Mr Allen continues to pose a risk of re-offending. The major risk factor is his sexual interest in young boys, which has led him to offend in the past. Because of the nature of the offending, and the likely age of any potential victim, any offence is likely to cause significant harm and have serious consequences for the victim and for others. There is a demonstrated need to protect the members of the community from a risk of that kind.
While Mr Allen did not offend directly against any child while on supervised release, he demonstrated his continued sexual interest in young boys, and his readiness to engage in serious criminal acts as a result of that interest. The possession of child exploitation material is not a sexual offence, as defined in the Act. But it is a crime, for which the available penalty includes imprisonment for 7 years. Mr Allen has also pursued his practice of collecting images of children, despite knowing that suppressing that behaviour is part of the strategy to control his offending behaviour, and knowing the consequences that attach to breach of conditions of the supervision order.

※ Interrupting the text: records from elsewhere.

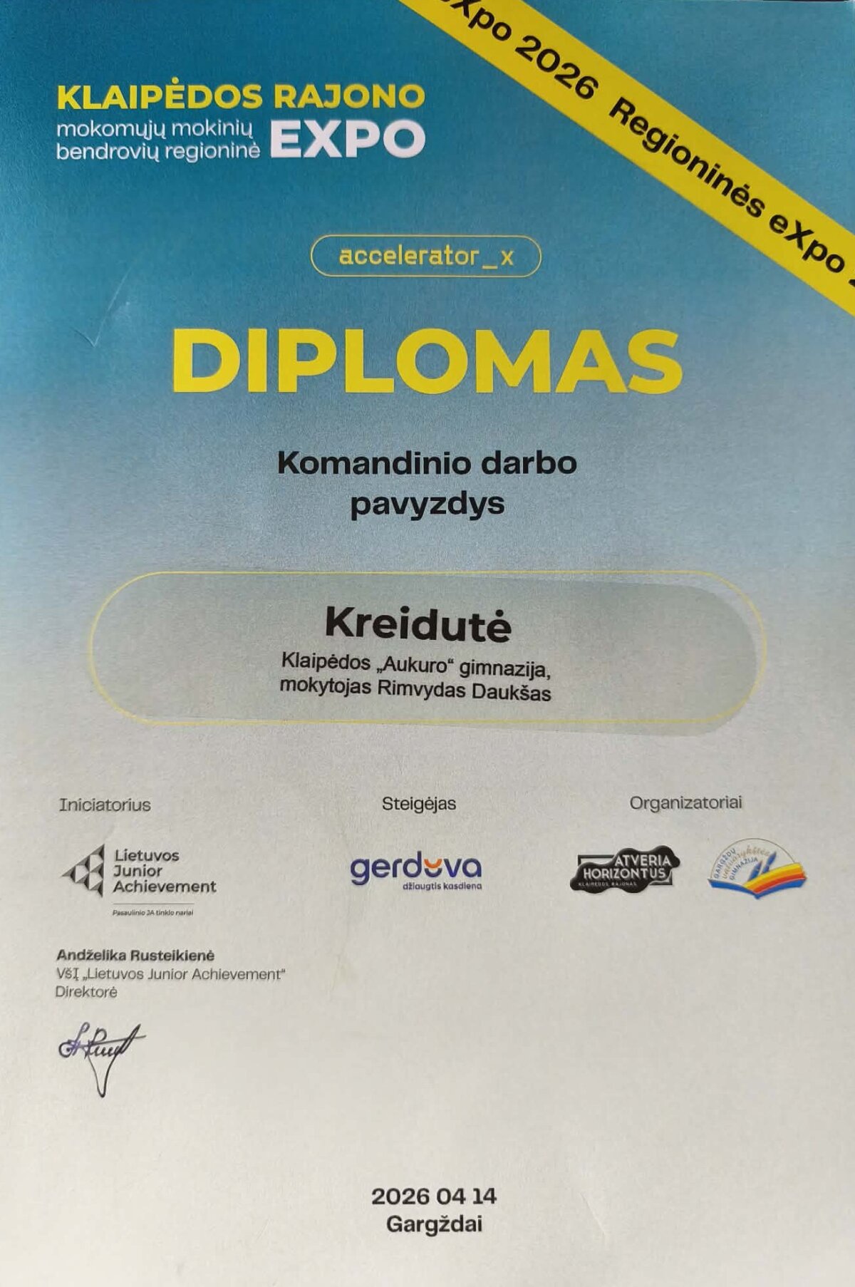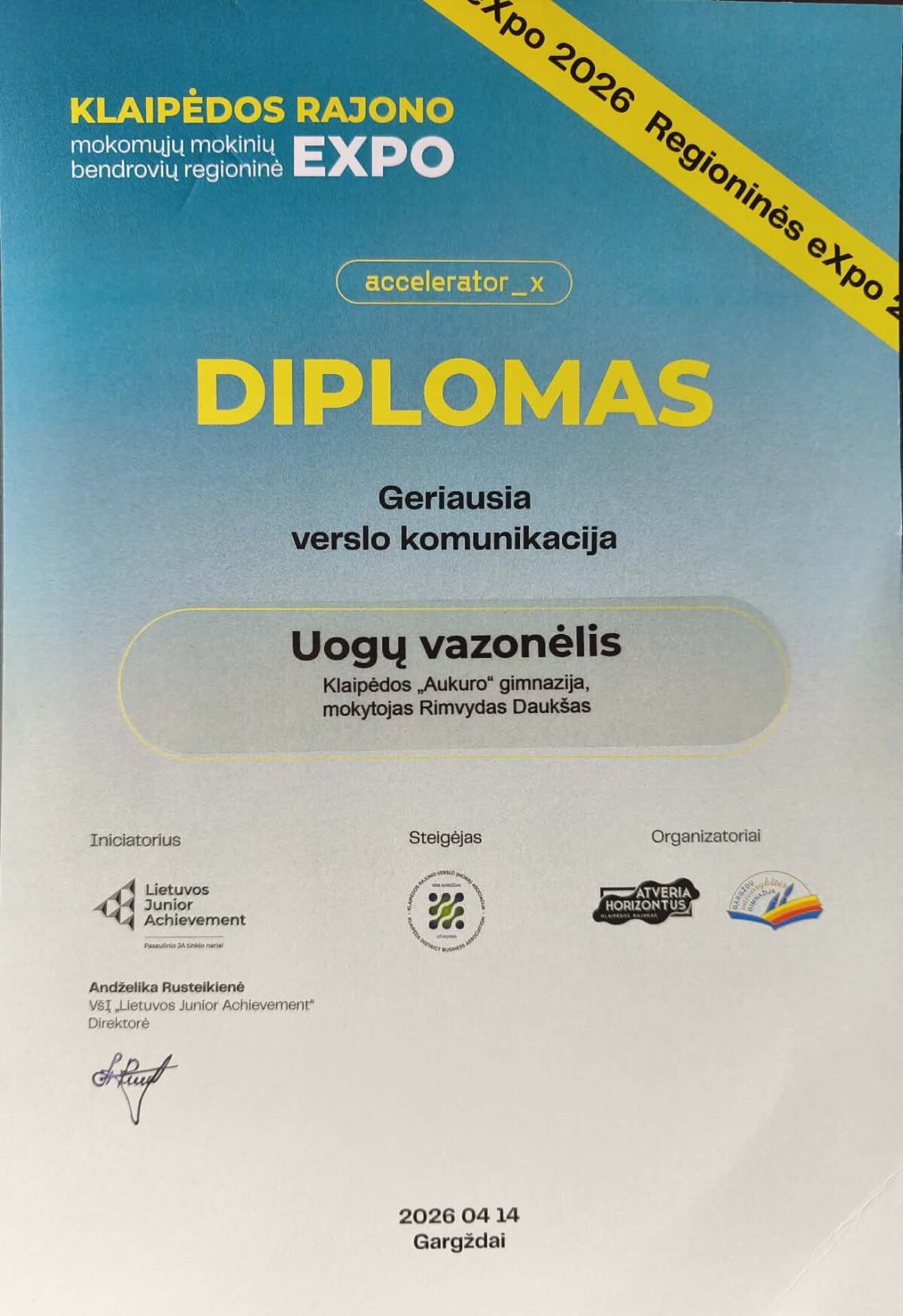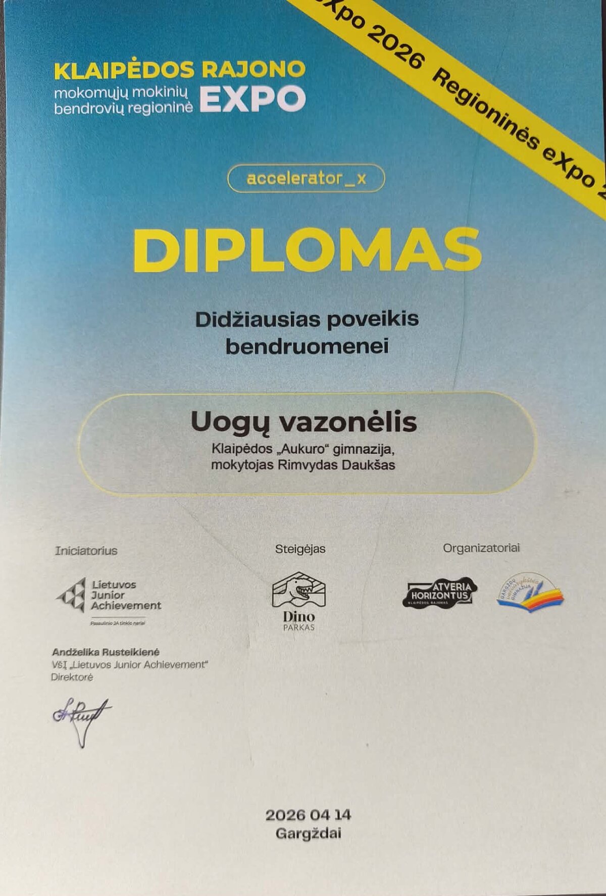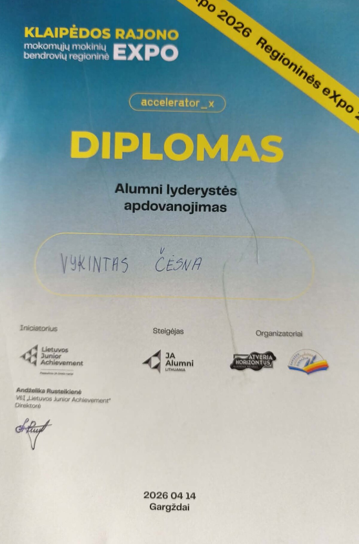 Mūsų gimnazistai grįžo ne tik su šypsenomis, bet ir su apdovanojimais: „Komandinio darbo pavyzdys" (MMB „Kreidutė" II O), „Geriausia idėja Klaipėdos miestui" (MMB „MoveMatch" II G), „Geriausia verslo komunikacija" (MMB „Uogų vazonėlis" II H), „Didžiausias poveikis bendruomenei" (MMB „Uogų vazonėlis" II H), „Alumni lyderystės apdovanojimas" (Vykintas Čėsna II H). Tikimės, kad šie pasiekimai įkvėps kurti naujus inovatyvius produktus ir sėkmingai realizuoti jau sukurtus.
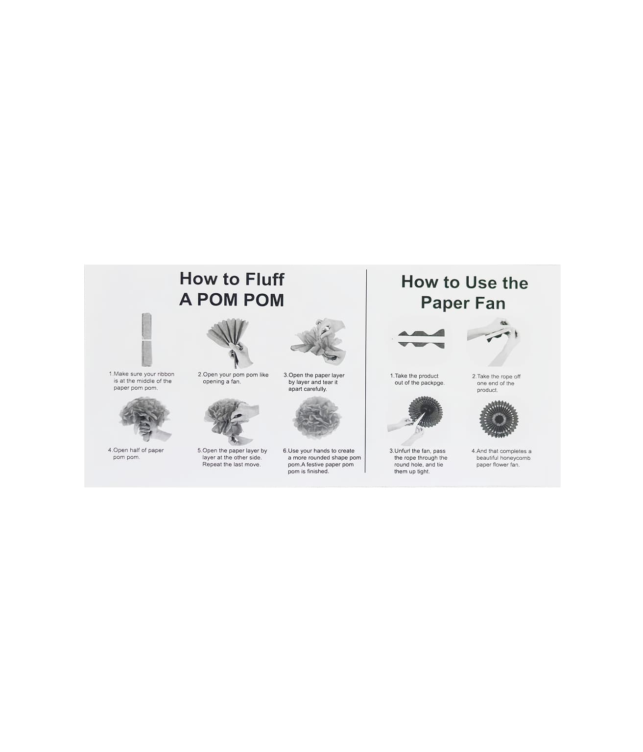 • Tissue Paper Fans: 10 inch x 2
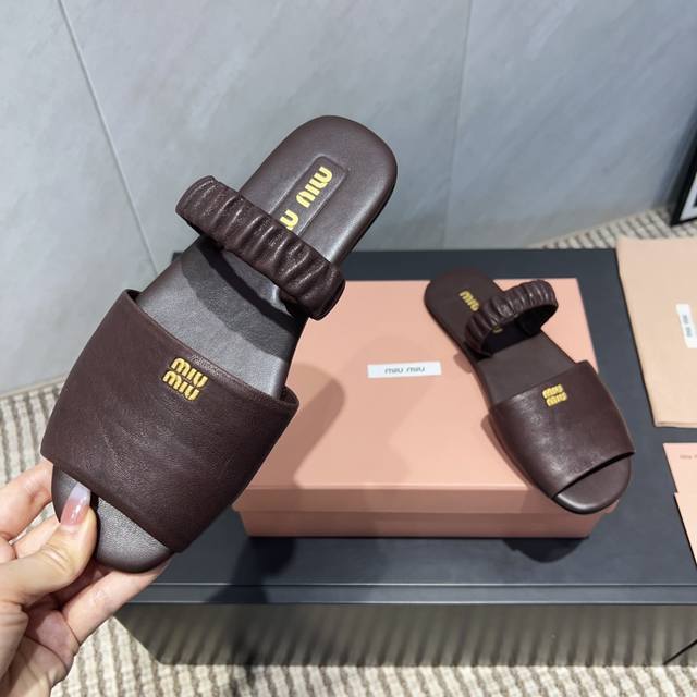 出厂: 独家顶级版本 Miumiu缪缪2025Vs春夏最新走秀爆款凉拖系列 平底横带凉拖 Miumiu秋冬T台走秀网红同款"造梦不夜城",Miumiu能在重要场
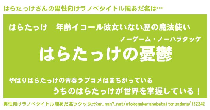 | 胡散臭い通販商品みたいなあだ名 | 『必ず成功する霊験あらたかなお札…その名も「はらたっけ」』 |

The critical issue in this case is whether the risk of committing a serious sexual offence, even under the conditions that apply to a supervised release, has been shown to be unacceptable, so that Mr Allen should be further detained for control, care or treatment.
There are factors which on which the court could find that the risk of re‑offending may be managed without an order for continued detention. On the current evidence, however, the conditions of release under supervision must include a condition that Mr Allen re‑commence anti‑libidinal medication. Mr Allen may require more time to decide whether he will agree to such a condition. He expressed to Dr Hinton a strong opposition to again taking the medication.

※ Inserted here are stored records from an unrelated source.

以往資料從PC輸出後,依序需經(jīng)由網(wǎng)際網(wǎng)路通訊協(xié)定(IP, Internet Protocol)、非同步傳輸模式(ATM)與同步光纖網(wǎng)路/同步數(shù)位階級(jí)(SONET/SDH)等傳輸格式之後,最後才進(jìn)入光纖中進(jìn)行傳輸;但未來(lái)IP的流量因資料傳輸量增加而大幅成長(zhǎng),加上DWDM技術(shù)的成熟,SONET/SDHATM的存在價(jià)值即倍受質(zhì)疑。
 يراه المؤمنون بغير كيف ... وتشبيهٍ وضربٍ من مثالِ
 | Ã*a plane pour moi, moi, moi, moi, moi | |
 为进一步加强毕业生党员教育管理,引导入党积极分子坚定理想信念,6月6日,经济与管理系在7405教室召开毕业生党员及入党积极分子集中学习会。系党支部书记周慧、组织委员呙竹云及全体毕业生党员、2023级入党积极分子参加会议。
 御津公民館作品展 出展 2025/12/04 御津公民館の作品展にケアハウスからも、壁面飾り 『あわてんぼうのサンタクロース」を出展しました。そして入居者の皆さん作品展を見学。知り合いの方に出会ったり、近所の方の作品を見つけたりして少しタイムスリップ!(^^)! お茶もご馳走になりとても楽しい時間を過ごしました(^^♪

It would also be preferable for the DPP to have an opportunity to investigate the most recent evidence of Mr Allen's conduct while in custody. The significance of a house plan found in his cell cannot be assessed on the evidence now available. It is, perhaps, consistent with his previously expressed interest in bondage sexual practices (as a passive participant). The possibility that it relates to his paedophilic drives cannot, however, be dismissed. It is not necessary to make any findings now as, for other reasons, Mr Allen cannot now be released on a supervision order.

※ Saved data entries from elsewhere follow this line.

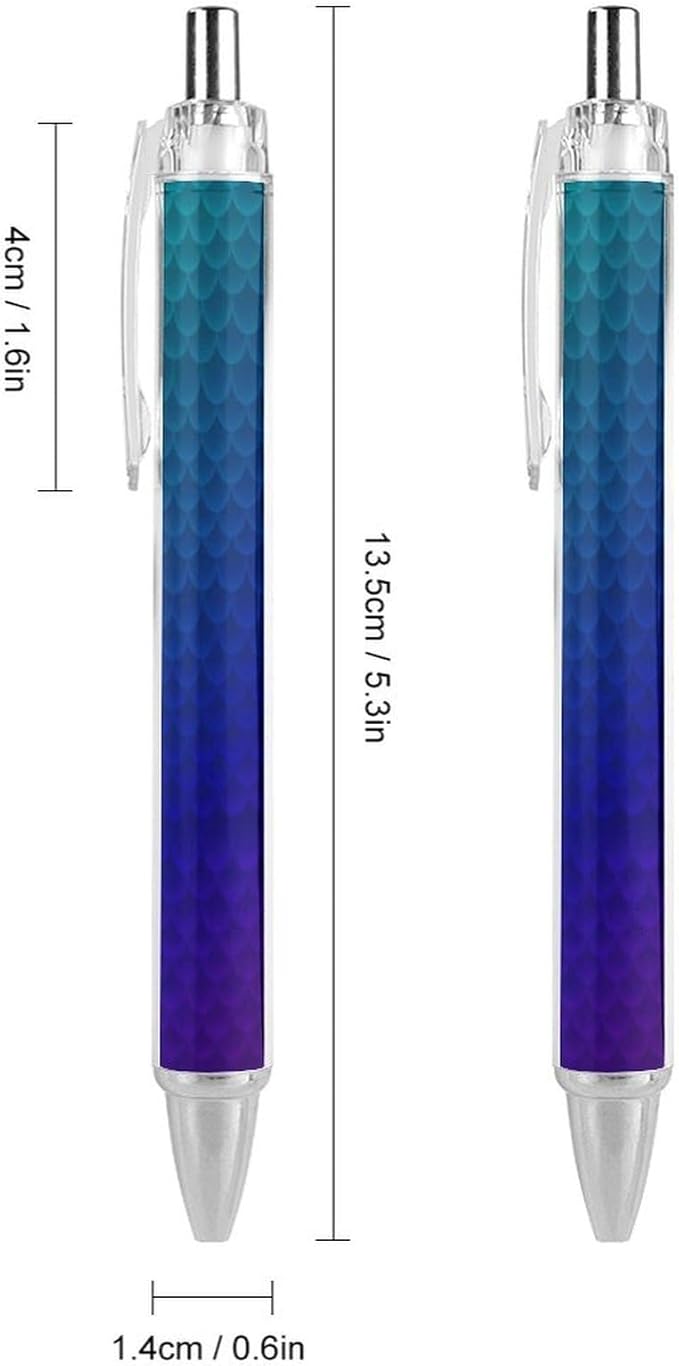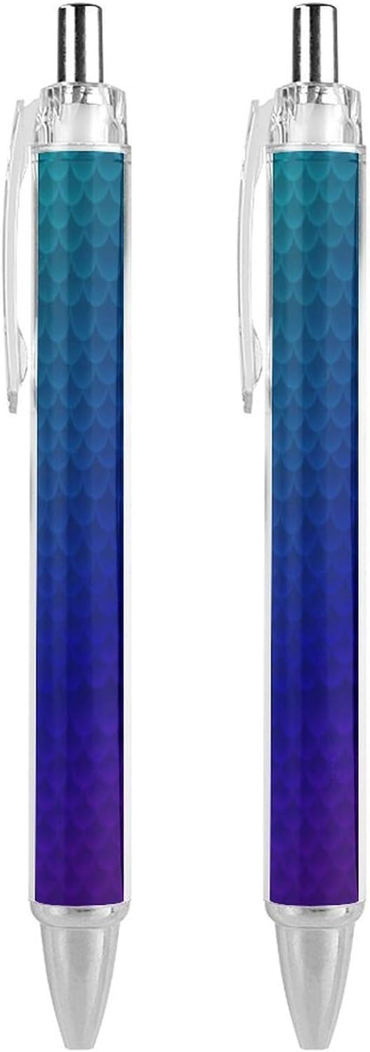 Cute Ballpoint Pen Refillable Black Ink 0.5 mm Ball Point Pens Ocean Sea Blue Mermaid Fish Scale Retractable Pens Writing Accessories for Teacher Writer, 2 Pcs
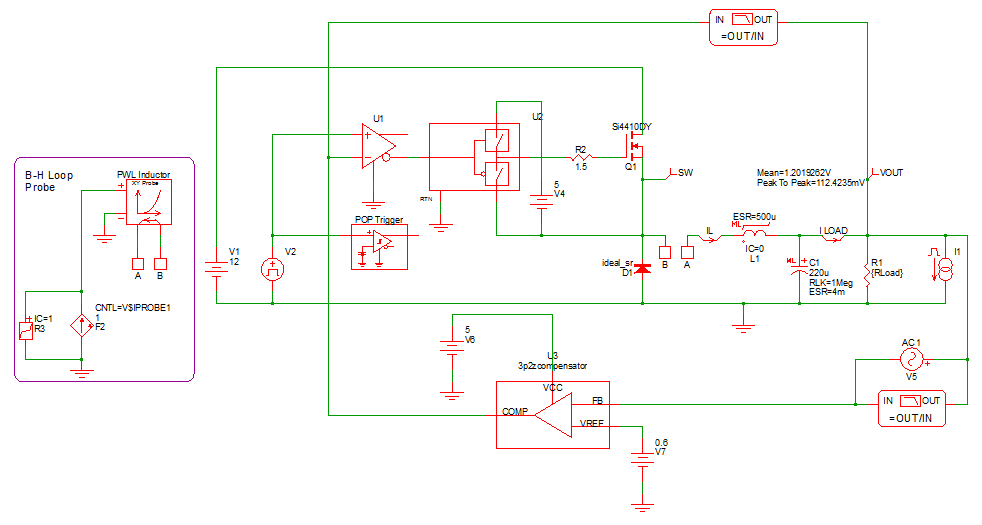 - This SIMPLIS schematic is set up to find the steady-state Periodic Operating Point (POP) of the circuit, do an AC analysis and then do a step-load transient. Each of these three analyses takes about 1 or 2 seconds. The graph viewer opens with the following results.
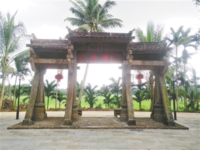 一條硬化村道穿過門墻,通往綠樹環繞的村莊,檳榔林、青皮竹林、椰樹林相間植于道路兩旁,散落的民居在林間隱約可見。行車不到10分鐘,眼前便出現一片開闊的田洋,嫩綠的禾苗沐浴著陽光,一座全石結構的古牌坊面田洋而立,格外醒目。
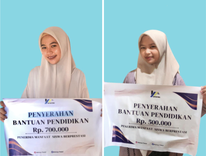 Penerima bantuan masing-masing adalah Sakinah Syarif (MA) dengan nominal Rp700 ribu, dan Indira Chunda R(MTs) sebesar Rp500 ribu.
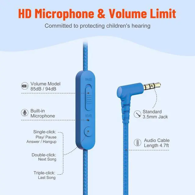 [ 85/94dB Safe Volume Limiting ] : Specially design to protect your childrens hearing, this kids headphones can be limited to the sound level of 85dB in peaceful environment as home/room/study, and also limited to the sound level of 94dB in different noise environments as airplane/car/school, the sound are still safe and clear.

An unanticipated consequence of the delay in finalising these proceedings is that the accommodation that had been available to Mr Allen, should he be released, is now not immediately available. The family who were prepared to provide accommodation cannot now do so before early July. No suitable alternative accommodation has been suggested.
It is not simply finding a place for Mr Allen to live. The condition for accommodation involves an assessment of whether the proposed address is suitable, including an evaluation of its location with regard to schools, parks and other places where children will be, and its compatibility with electronic monitoring. The problem of accommodation for offenders released under supervision is not new. It has, in earlier cases, led to the court adjourning an application despite the difficulties that course poses: see Director of Public Prosecutions for Western Australia v Williams [2011] WASC 33 [16] - [17].
The possibility of an adjournment until July, to see if the accommodation question had resolved, was considered in argument. Counsel for Mr Allen did not request an adjournment, fully aware that the result must be an order for continued detention. Both parties asked me to decide this matter today.
I find that Mr Allen contravened the conditions of his supervision order, by the conduct leading to his convictions for breach of s40A in 2014. There is no suitable accommodation now available to enable him to be released.
It is not yet clear whether he will consent to a condition for the recommencement of anti‑libidinal medication.
Having regard to all of the material and the unavailability of any suitable accommodation I am satisfied that if an order, under s 23(1)(b) is not made for the detention of Mr Allen in custody for an indefinite term for control care or treatment, there is an unacceptable risk that he will commit a serious sexual offence.
An order under s 23(1)(b) will be made for the continued detention of Mr Allen.